Here is my configuration of route:
{ "plugins": { "kafka-logger": { "broker_list": { "127.0.0.1": 9092 }, "kafka_topic": "apisix_traffic_logs", "key": "key1", "timeout": 1, "batch_max_size": 1 } }, "upstream": { "nodes": { "127.0.0.1:1980": 1 }, "type": "roundrobin" }, "uri": "/hello" }Here is my exception log:
2022/01/10 13:36:36 [error] 18553#25478878: *43867 [lua] client.lua:150: refresh(): all brokers failed in fetch topic metadata, context: ngx.timer, client: 127.0.0.1, server: 0.0.0.0:9080 2022/01/10 13:36:36 [error] 18553#25478878: *43867 [lua] client.lua:150: refresh(): all brokers failed in fetch topic metadata, context: ngx.timer, client: 127.0.0.1, server: 0.0.0.0:9080 2022/01/10 13:36:36 [error] 18553#25478878: *43867 [lua] client.lua:150: refresh(): all brokers failed in fetch topic metadata, context: ngx.timer, client: 127.0.0.1, server: 0.0.0.0:9080 2022/01/10 13:36:36 [error] 18553#25478878: *43867 [lua] producer.lua:272: buffered messages send to kafka err: connection refused, retryable: true, topic: apisix_traffic_logs, partition_id: 0, length: 1, context: ngx.timer, client: 127.0.0.1, server: 0.0.0.0:9080When I restarted the kafka container, it continued to push messages to kafka normally again.

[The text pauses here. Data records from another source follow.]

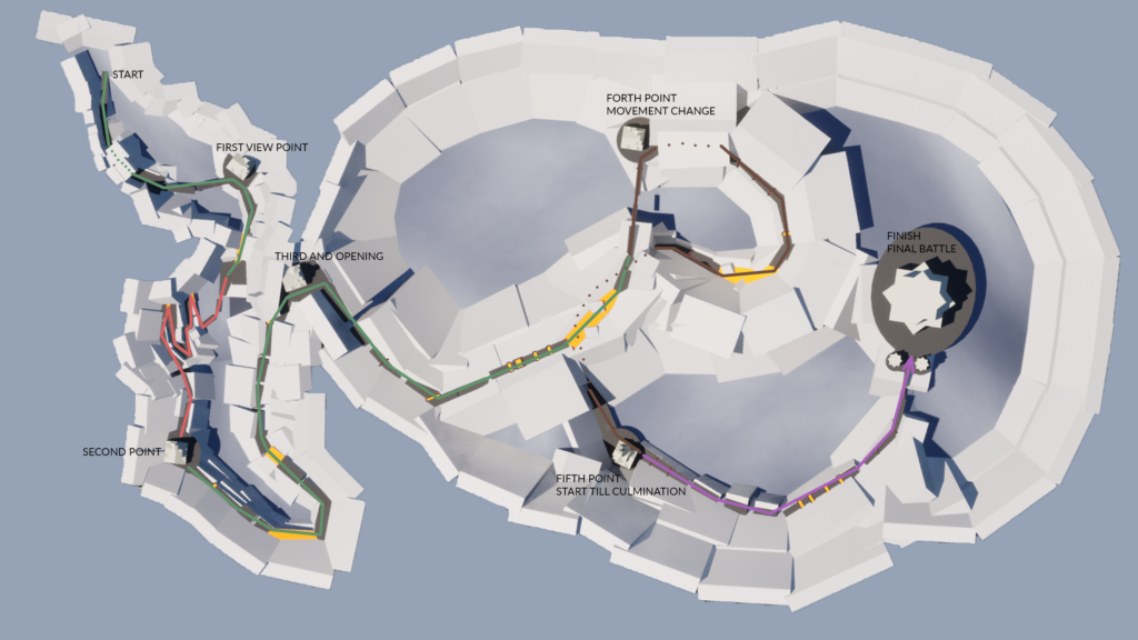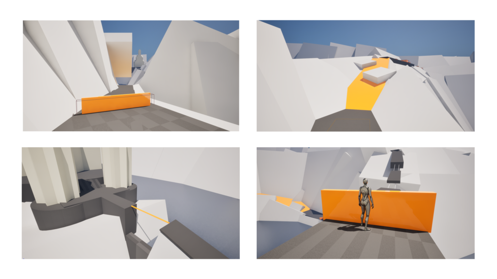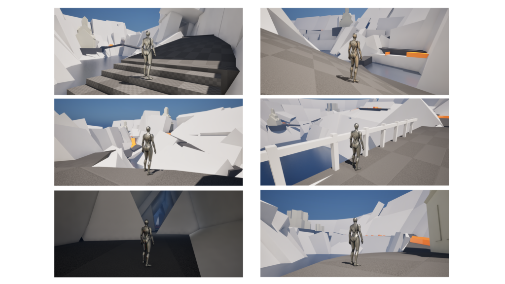– Designed the full level layout – Created traversal routes and obstacle sequences – Defined player flow and pacing – Designed viewpoint system for navigation guidance – Balanced movement challenges and exploration spaces
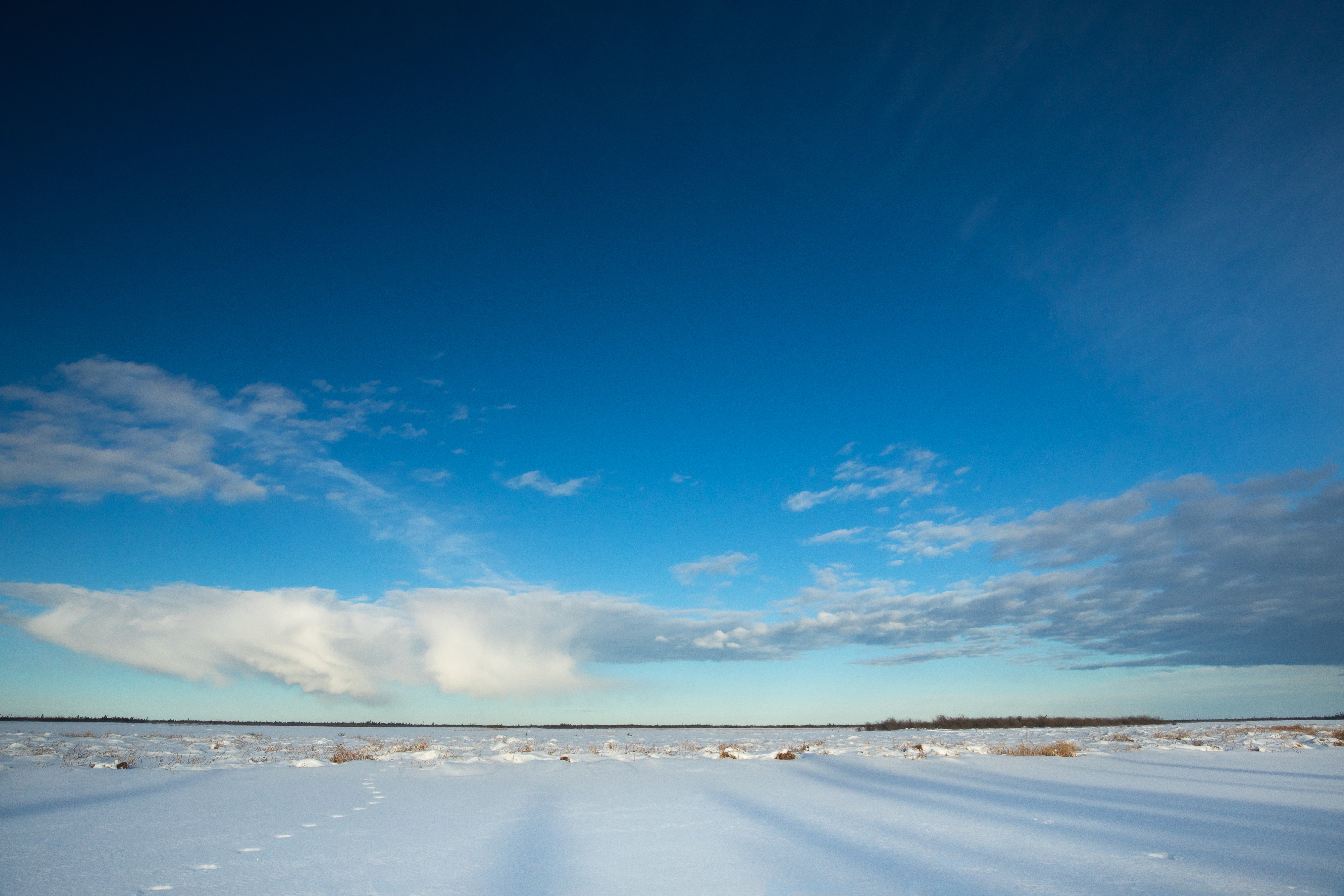 Snowshoe hare tracks in the snow. Lynx prey mostly on hare, and are tied to their population growth and crashes. Lynx Project At Yukon Flats National Wildlife Refuge.
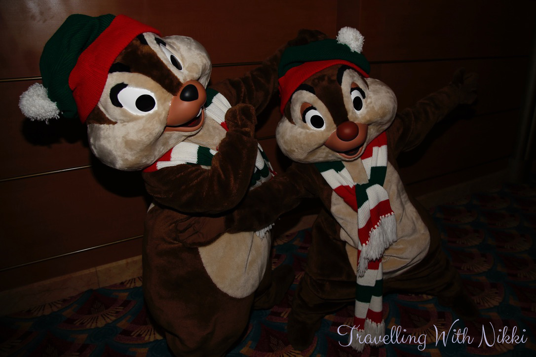 Our next characters of the evening were Chip and Dale who were scheduled to be out on Deck 5 at 7:15pm. Now if there was hardly any room to move just meeting one character on Deck 5, you can only begin to imagine what it was like with two chipmunks. Chip and Dale need room to mess around and be themselves and they just cannot do that on Deck 5. The photos only came out so-so and we made a mental note to see if they were meeting in a different place later on in the cruise.
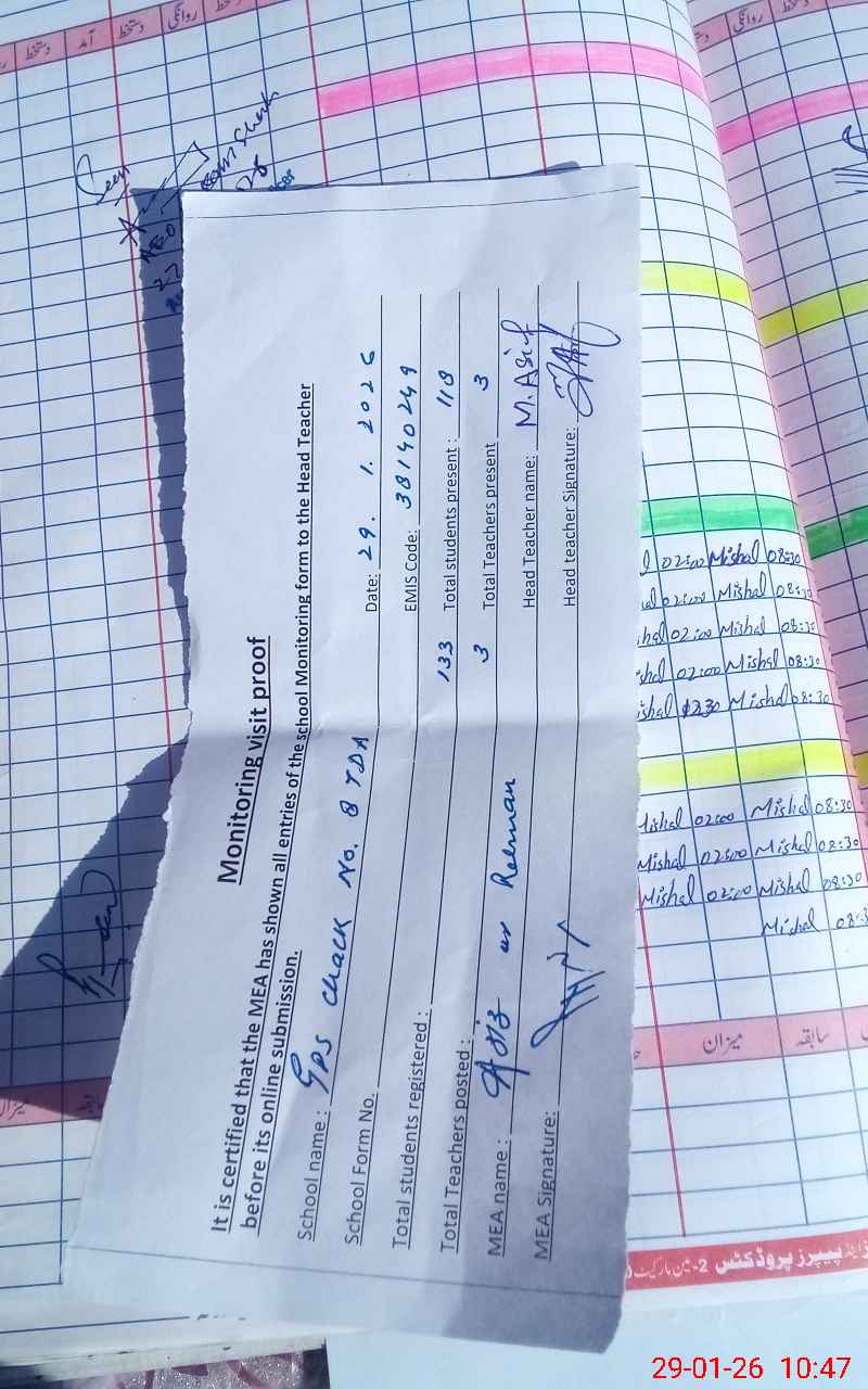 | EMIS Code: 38140249 | Name of School: GPS CHAK NO 8 TDA | |||
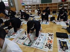 ↓地域の書道家、日展作家の高桑先生をゲストティーチャーにお招きして、書初め練習をしました。3年生以上の皆さんは習字で書初めに挑みます。新年、清らかな心で、美しいく力強く書初めができるように、筆つがいや字のバランスを直接ご指導いただきました。6年生は「将来の夢」に挑みました!
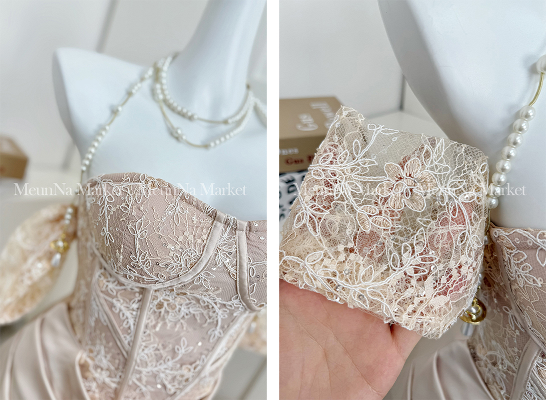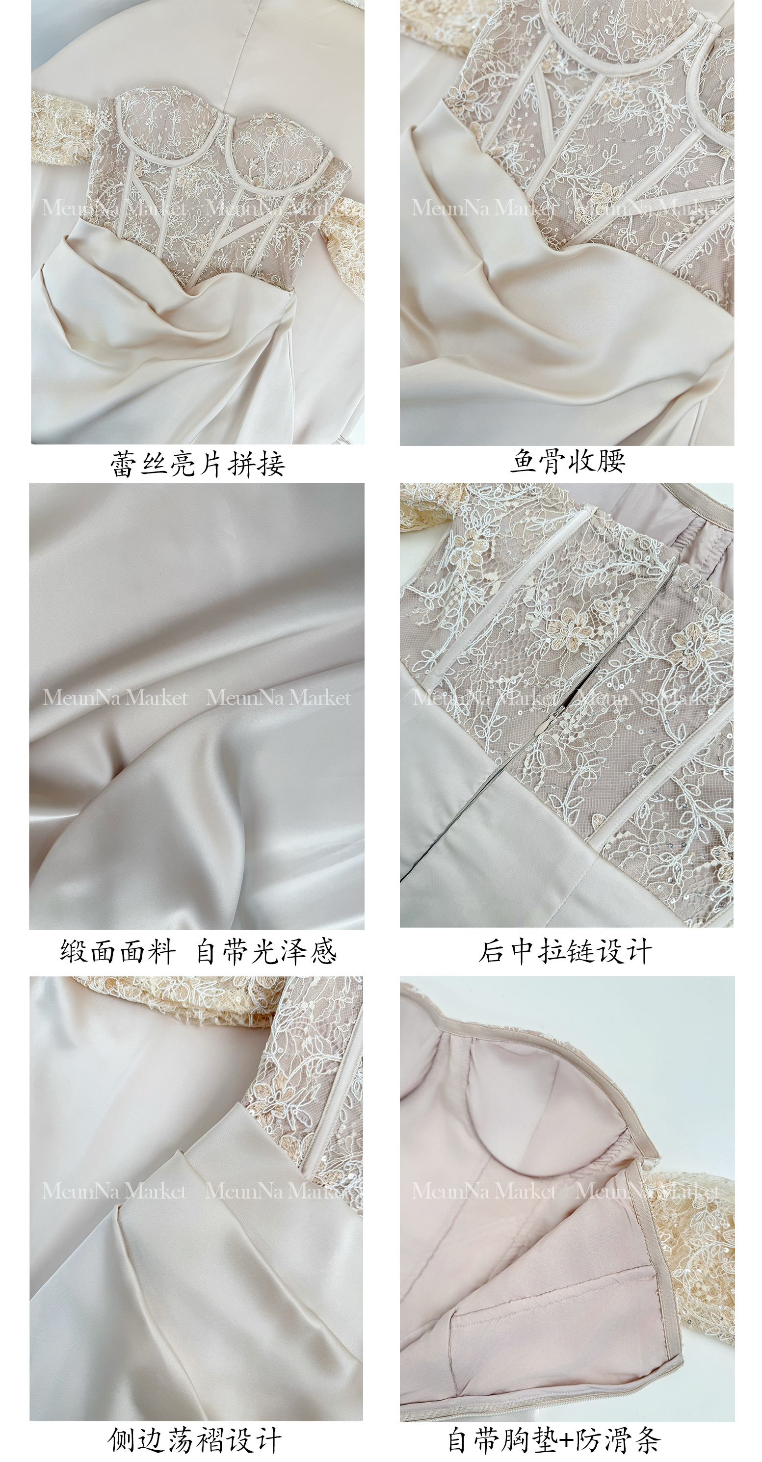一比一定制yb重工蕾丝亮片拼接鱼骨裙!
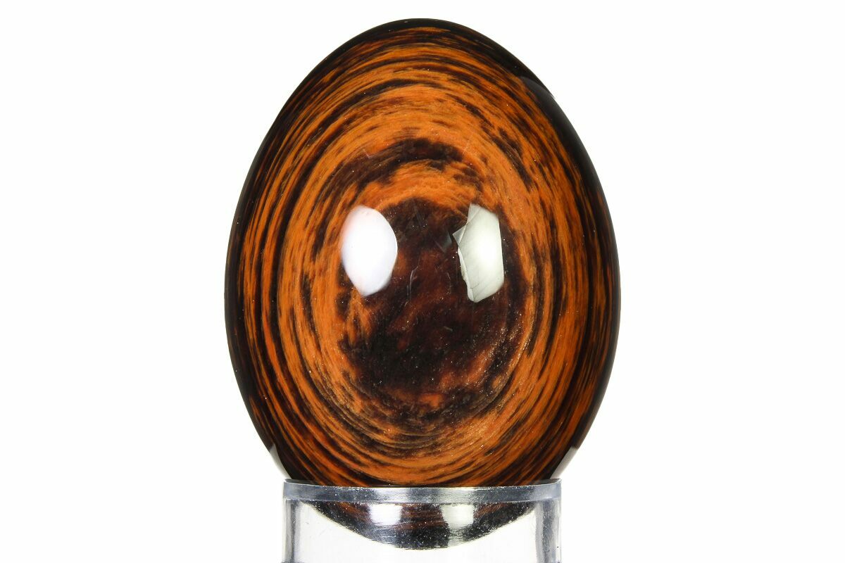 This is a 2.3" tall mahogany obsidian egg, collected from Mexico. This obsidian specimen has been polished, revealing the swirls and streaks of red/orange color that give this form of obsidian its name.
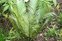 This cycad is stemless, growing from an underground stem that's about 30 cm long and 25 cm wide. Occasionally, a small part of the stem may emerge above the ground.
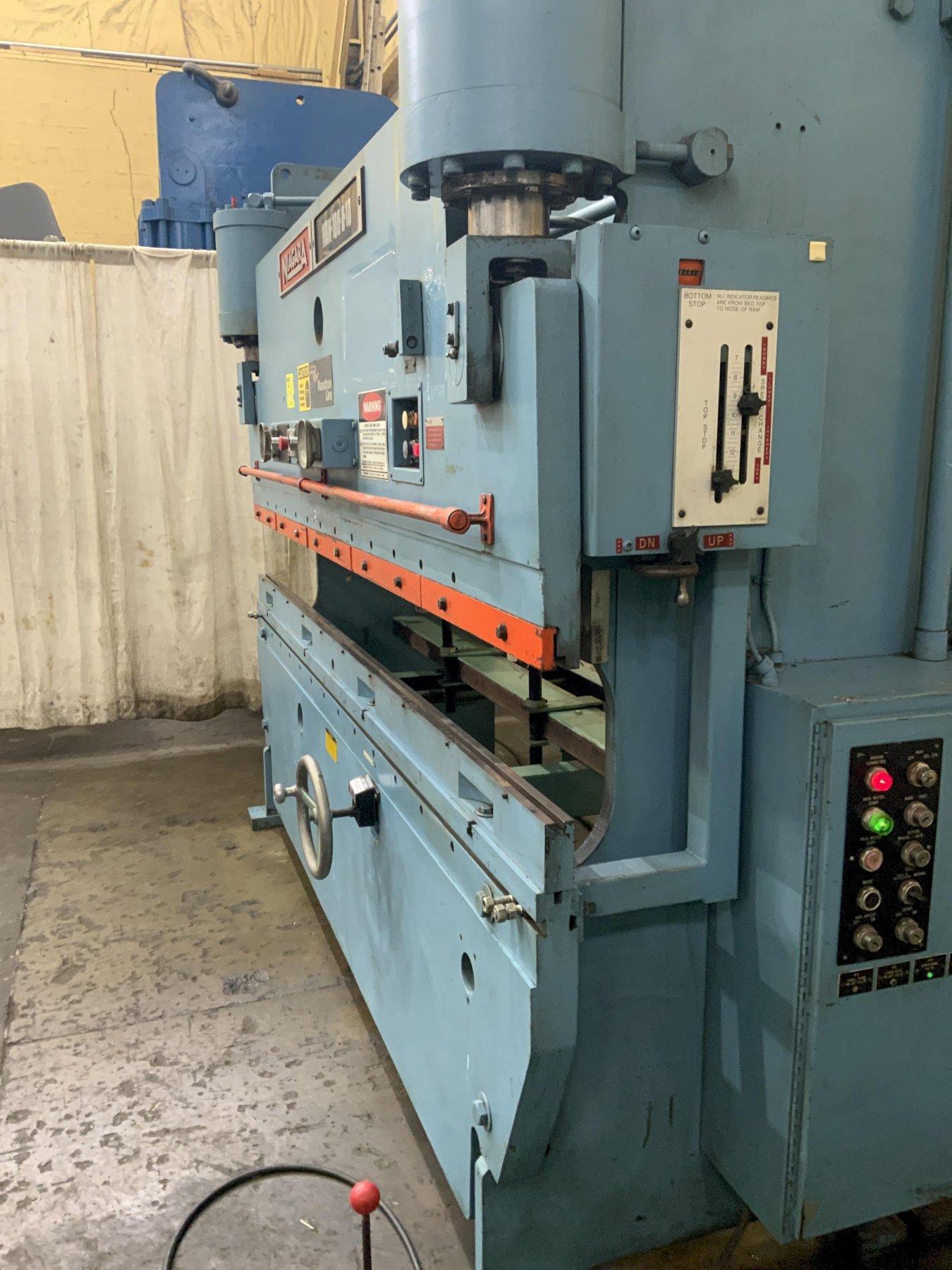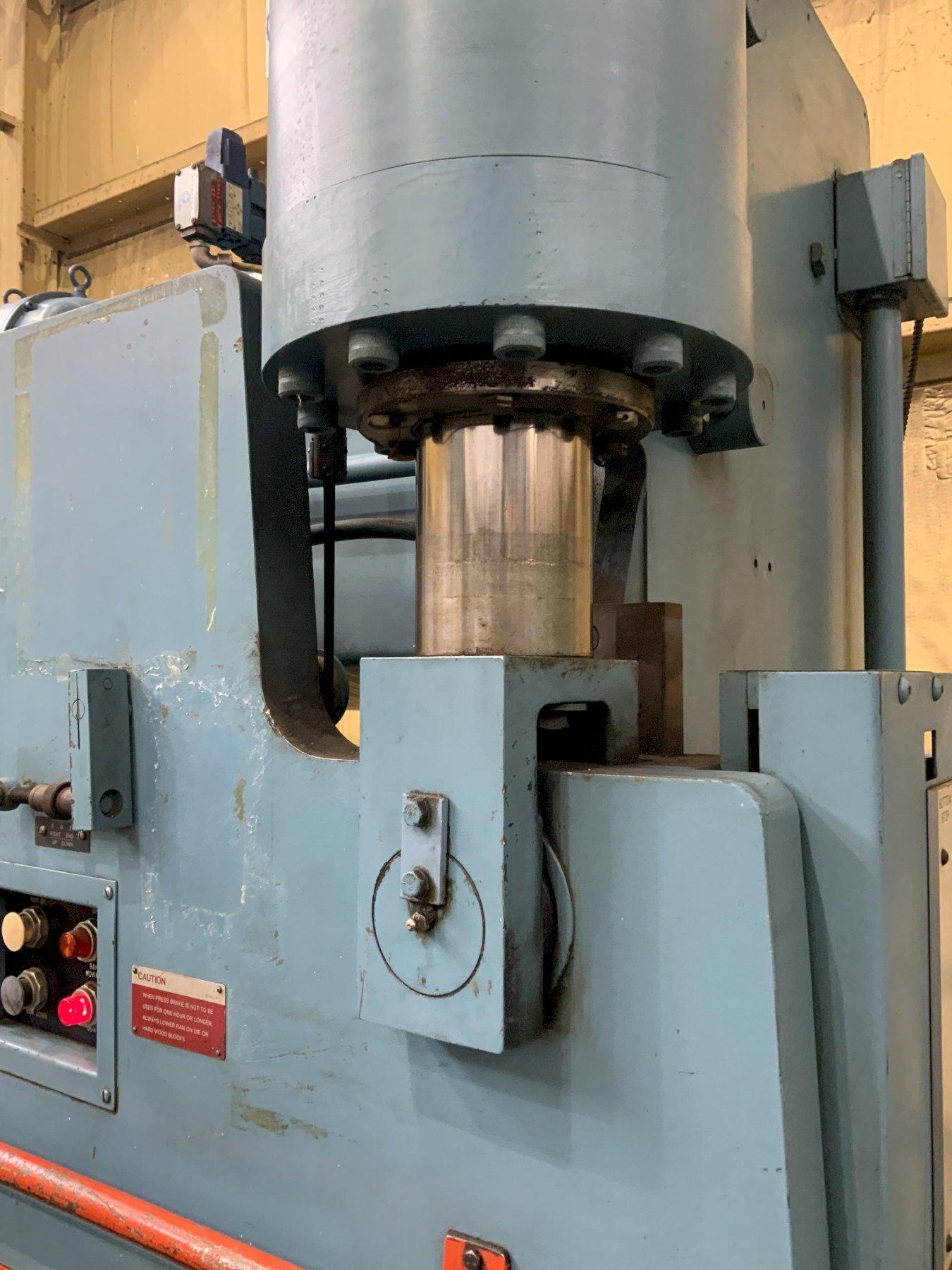 SERIAL .......................... P52216 MODEL ........................... HBM-100-8-10 YEAR NEW ........................ 1987 CAPACITY ........................ 100 TON OVERALL LENGTH OF BED ........... 10' DISTANCE BETWEEN HOUSINGS ....... 8'6" STROKE .......................... 7" OPEN HEIGHT ..................... 14" CLOSED HEIGHT ................... 7" DEPTH OF THROAT ................. 7" RAM SPEED RAPID ADVANCE ......... 127 IPM RAM SPEED NORMAL PRESS .......... 64 IPM RAM SPEED ANTI BACK BEND ........ 20 IPM RAM SPEED RETURN ................ 127 IPM DUAL PALM BUTTONS ............... YES ELECTRIC FOOT PEDAL ............. YES FILLER BLOCK .................... 2" HIGH PASS LINE HEIGHT ................ 36-1/2 BACK GAUGE ...................... MANUAL FRONT OPERATED INCHING AND SINGLE STROKE ....... YES MOTOR ........................... 20 HORSEPOWER |
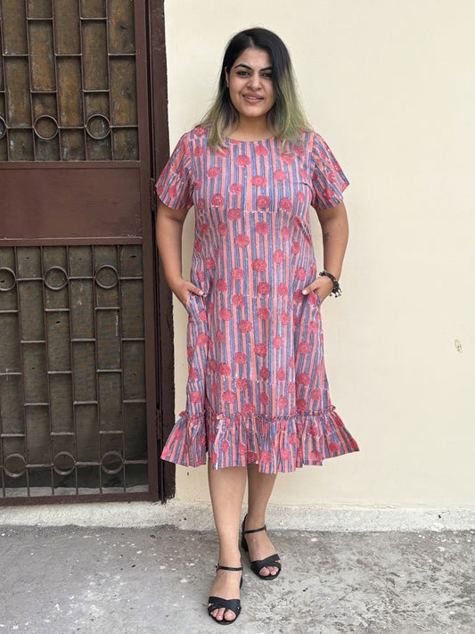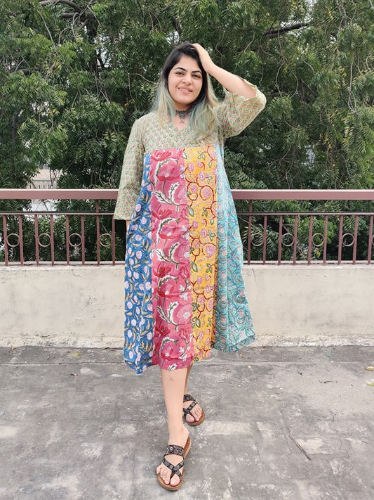 Riot of Colors Hand Block Printed Midi Dress Second Edition

Note: I did not make the kafka volume, and the restarted kafka is a new cluster.
I find when use kafka cluster model(such as 3 nodes). it occurs such problem. but single node seems ok.
2024/06/26 09:43:38 [error] 49#49: *7790154 [lua] client.lua:210: _fetch_metadata(): all brokers failed in fetch topic metadata, context: ngx.timer, client: 172.23.8.161, server: 0.0.0.0:9080
2024/06/26 09:43:39 [error] 49#49: *7790154 [lua] client.lua:210: _fetch_metadata(): all brokers failed in fetch topic metadata, context: ngx.timer, client: 172.23.8.161, server: 0.0.0.0:9080
2024-06-26T17:43:39.074091868+08:00 2024/06/26 09:43:39 [error] 49#49: *7790154 [lua] producer.lua:272: buffered messages send to kafka err: not found topic, retryable: true, topic: apigw.logs.http-access, partition_id: -1, length: 1, context: ngx.timer, client: 172.23.8.161, server: 0.0.0.0:9080
Same issue, at first it works, then after a while (no config changed) and I try to call API again, the above errors are shown and it is unable to write to Kafka.
APISIX running on K8s with 1 APISIX, 3 etcd Kafka is a Single broker testing node and requires SASL_PLAN auth, admin super user is used and the topic exists.
After a while it worked again, but the calls during error are not logged.